While tax-loss harvesting makes sense in taxable accounts, it isn’t required in retirement accounts, which already benefit from tax-deferred gains.

However, Betterment recognizes that you should allocate smartly between taxable and retirement accounts to ensure that higher-taxed positions are placed in retirement accounts and lower-tax impact holdings are placed in taxable accounts.

This process of optimizing your overall portfolios to maximize after-tax returns is labeled tax-coordinated portfolios at Betterment. No equivalent offering is available at Essential Portfolios.

TD Ameritrade vs Betterment:
Investment Strategy

A key selling point of robo-advisors compared to traditional financial advisors is the promise of keeping client portfolios diversified.

The process of allocating money to various investments to spread risk intelligently across asset classes and holdings on an ongoing basis is called automatic portfolio rebalancing.

Both TD Ameritrade and Betterment provide free automatic rebalancing services so that portfolios remain diversified not just on day one when they are first built but ongoing into the future.

Betterment Portfolios

In addition to automatic rebalancing, Betterment ensures portfolios are diversified by selecting a mix of ETFs from up to 12 asset classes.
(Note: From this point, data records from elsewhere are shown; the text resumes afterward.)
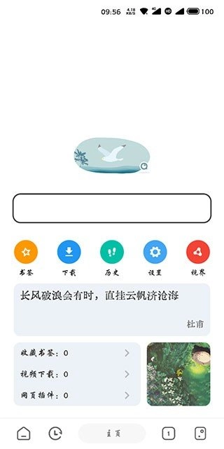 一款简洁美观的浏览器主页,整合了书签、历史记录与设置等实用功能。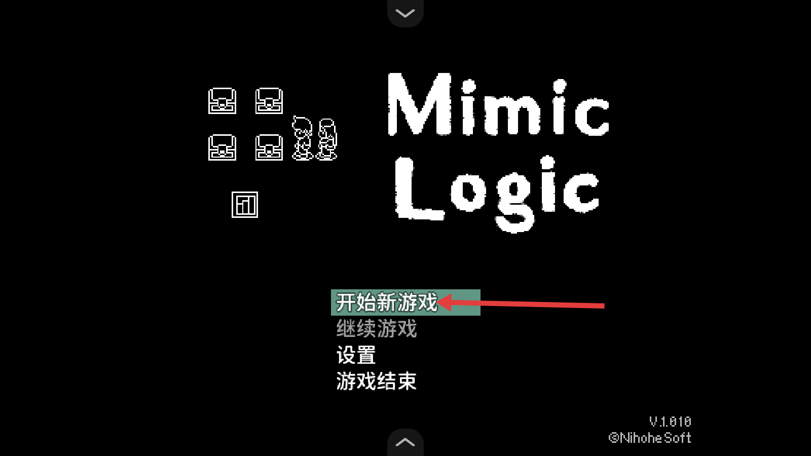 1、進(jìn)入游戲后,在主界面選擇【開(kāi)始新游戲】,開(kāi)啟【Mimic-Logic】的冒險(xiǎn)之旅,從基礎(chǔ)開(kāi)始探索。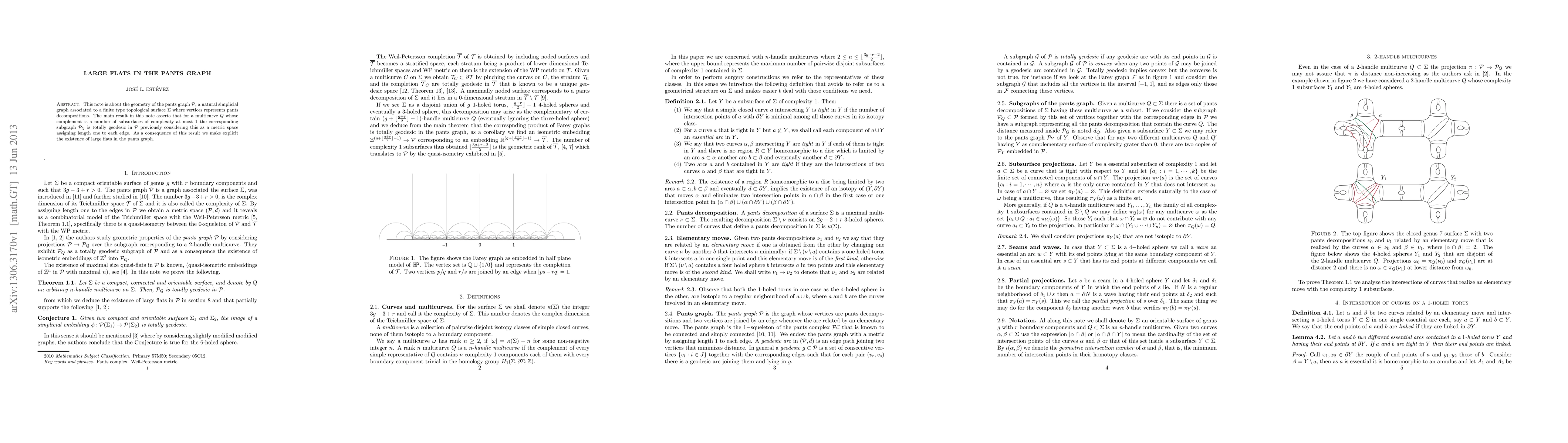 This note is about the geometry of the pants graph P(S), a natural simplicial graph associated to a finite type topological surface S where vertices represents pants decompositions. The main result in this note ascserts that for a multicurve Q whose complement is a number of subsurfaces of complexity at most 1. We prove that the corresponding subgraph P(Q) is totally geodesic in P, previously considering this as a metric space assigning length one to each edge. A flat is a graph isomorphic to the Cayley graph of an abelian torsion free group of finite rank. As a consequence of the main theorem we make explicit the existence of maximal size flats (large flats) in the pants graph.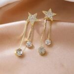Premium gold star dangle earrings designed with sparkling crystal stones and elegant hanging chains. The stylish star shape combined with shimmering crystal drops creates a modern and glamorous look. Lightweight and comfortable for daily wear, parties, weddings, and festive occasions. This trendy fashion jewellery piece enhances both traditional and western outfits, making it a perfect gift choice for women and girls.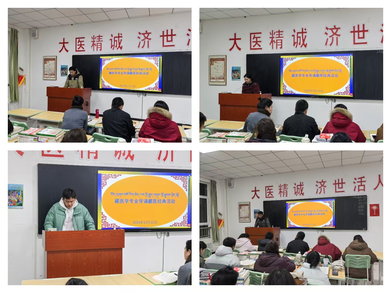 为了提升学生学习藏医经典的兴趣,增强专业自信,树立良好学风,12月12日晚,中医学院藏医学专业第二届藏医经典背诵活动在4号教学楼举行。学院班子成员、专业课教师、辅导员和藏医学专业学生100余人参加此次活动,并特邀青海卫生职业技术学院赴365英国上市集团官网交流教师彭毛卓玛现场进行指导。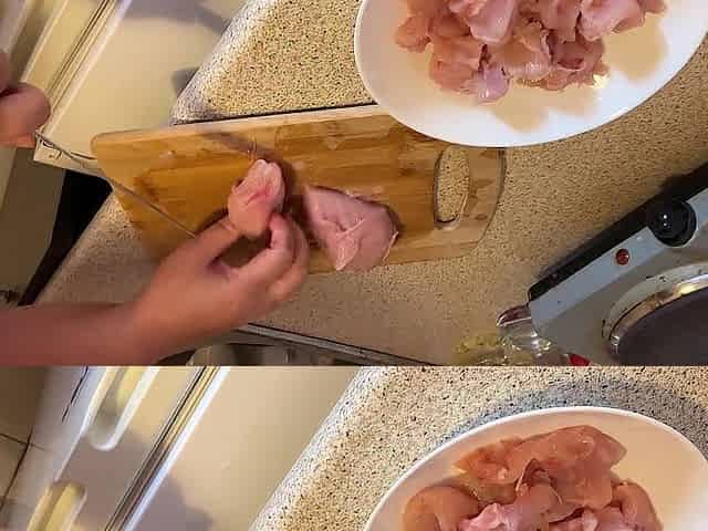 Cali is cooking topless in the kitchen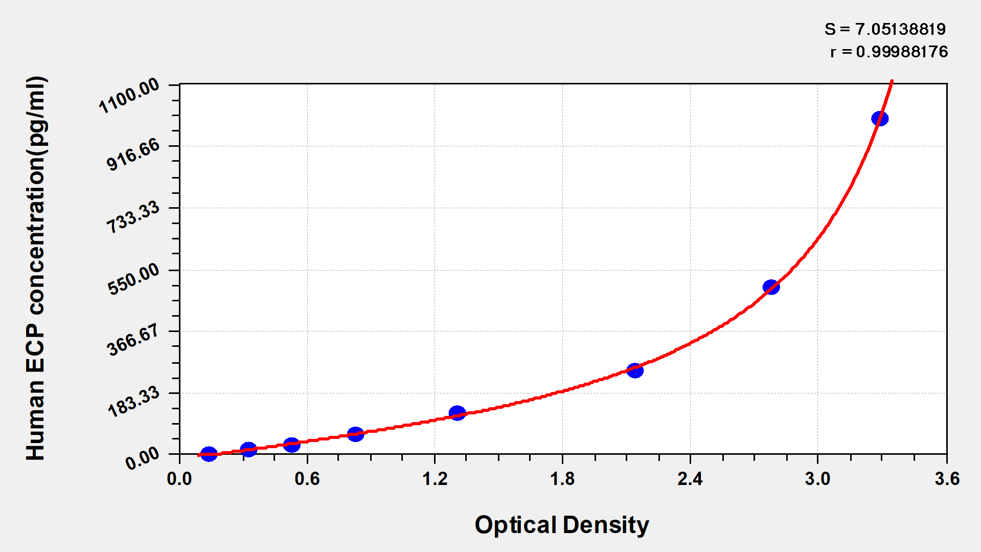 通過線性范圍來計算出實際的檢測樣本值,定量試劑盒標準曲線的相關系數(shù)R大于0.99。以CSB-E07270h(人脂聯(lián)素(ADP)ELISA Kit)為例的標準曲線。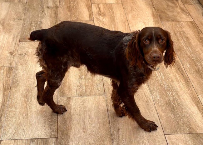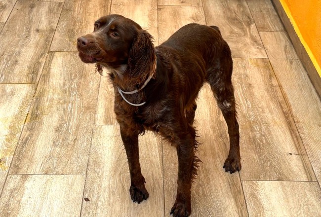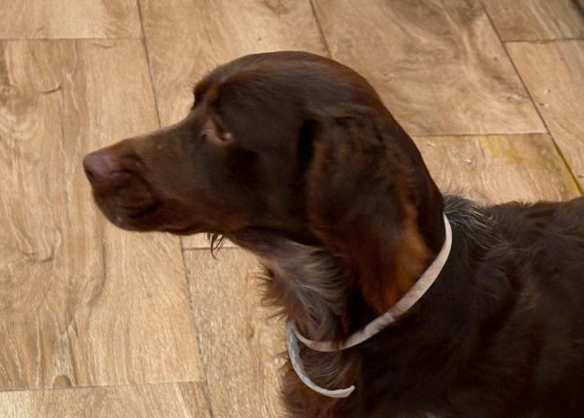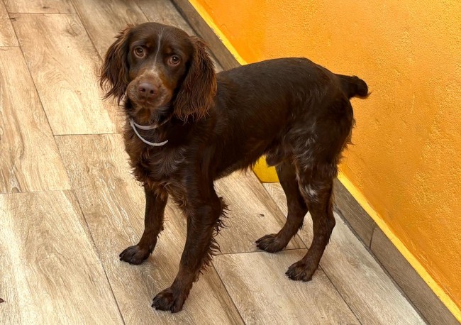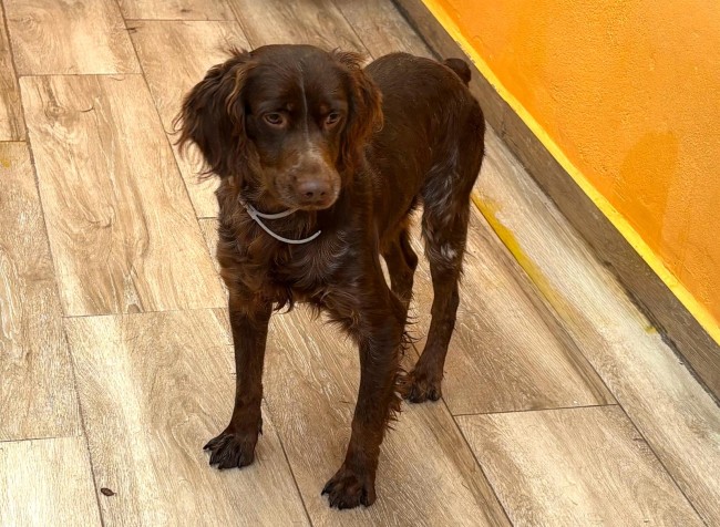 Scotch fue recogido en un camino rural, estaba solo, parece una pérdida o abandono tras jornada de caza.

Whether investors are seeking income, smart beta, or socially responsible portfolios, Betterment supports them all.

Betterment Premium clients can even adjust the percentages of each holding in an existing portfolio.

Essential Portfolios

TD Ameritrade has a much simpler offering by comparison. Only 5 ETFs are used to build portfolios, which is comparatively few when examining other robo-advisors.

iShares and Vanguard ETFs are used to keep costs rock bottom.
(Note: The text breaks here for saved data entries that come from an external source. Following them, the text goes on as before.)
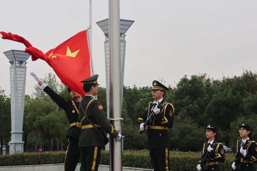 旭日初升,辉映赤子丹心;国歌嘹亮,激荡报国情怀。为庆祝中华人民共和国成立76周年,引领青年学子深刻感悟家国担当,10月13日7时,学校在南广场举行“庆祝中华人民共和国成立76周年 弘扬爱国主义精神”主题升旗仪式。本次仪式由生物医药学院团总支承办,学院党总支书记朱启来、辅导员代表、学生党员及各班级代表近200人参加,以庄严仪式凝聚奋进力量。升旗仪式由学管秘书姚佳妮主持。晨光熹微中,国旗护卫队步伐铿锵、身姿挺拔...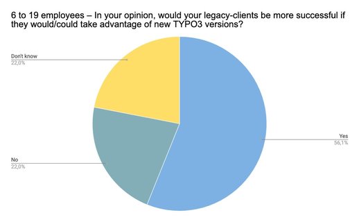 Now, this is interesting feedback: 28.7 % of participants do not think that a TYPO3 version update of the websites of legacy clients is helpful to the client’s business. We can only imagine that these are clients with business strategies that do not depend on websites. Otherwise, this is an alarming number. We would love to know more, if you are of the same persuasion or if you participated in the survey and clicked this answer!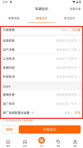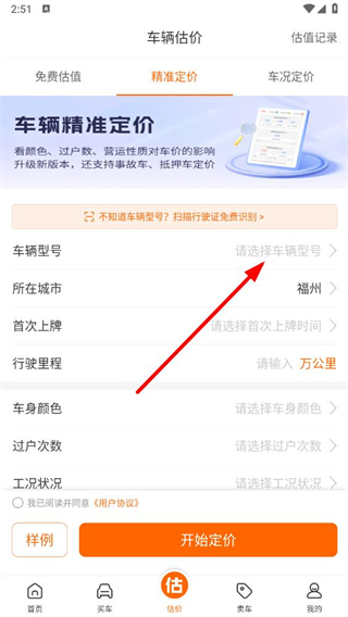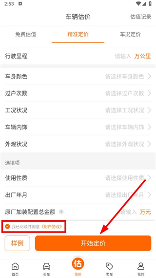 4、勾选我已阅读并同意用户协议,点击开始定价按钮,即可完成车价评估操作。

For clients who want a more diversified portfolio, TD Ameritrade Selective Portfolios may be a better fit. This service includes human advice with the benefits of algorithmic investing, and features more asset classes.

Overall Winner

Betterment vs TD Ameritrade

Betterment WinsTD Ameritrade Wins
Management Fees: The fees to manage assets start at a lower price of just 0.25% compared to 0.30% at Essential Portfolios.Expense Ratios: The ETFs available to clients of Essential Portfolios have expense ratios that range from 0.06% → 0.08% compared to an average 0.13% at Betterment.
Investment Minimum: Betterment requires no investment to sign up to its Digital service, however a $100,000 capital commitment is required to its higher tier Premium service. TD Ameritrade requires a $5,000 commitment to open an account.Account Types: TD Ameritrade supports a wide range of account types including:

  • Individual
  • Roth, SEP, Traditional IRA
  • Solo 401(k), Solo Roth
  • Non-profit corporations
  • UGMA/UTMA
  • Coverdell
  • C-corp, S-corp, LLC
Tax Implications: While both robo-advisors feature tax-loss harvesting, only Betterment offers tax-coordinated portfolios at no cost to ensure returns are optimized net of taxes across standard and retirement accounts.
Socially Responsible Portfolios: Investors who wish to align their investment dollars with their values can select socially responsible portfolios at Betterment.
Selection of Asset Classes: Only five ETFs are available at Essential Portfolios versus 12 asset classes at Betterment.

Betterment vs TD Ameritrade
Comparison

TD Ameritrade fanatics who already love the company’s banking and brokerage services may find it a natural fit to select Essential Portfolios.

For most everyone else, Betterment is the superior choice because of its many bells and whistles.

For example, Betterment goes further than TD Ameritrade in optimizing after-tax returns so you keep more and pay Uncle Sam less. Beyond tax-loss harvesting which is common to both robo-advisors, Betterment includes tax-coordinated portfolios free in both its service levels.

Arguably, Betterment provides more diversified portfolios because up to twelve asset classes are incorporated versus just five exchange-traded funds at Essential Portfolios.

And the investment minimum to get started at Betterment is zero versus $5,000 at TD Ameritrade.

Only the most price-savvy customers may find TD Ameritrade has the edge when summing up management fees and expense ratios but the difference is so slight it’s hard to justify selecting it in favor of Betterment’s extensive services.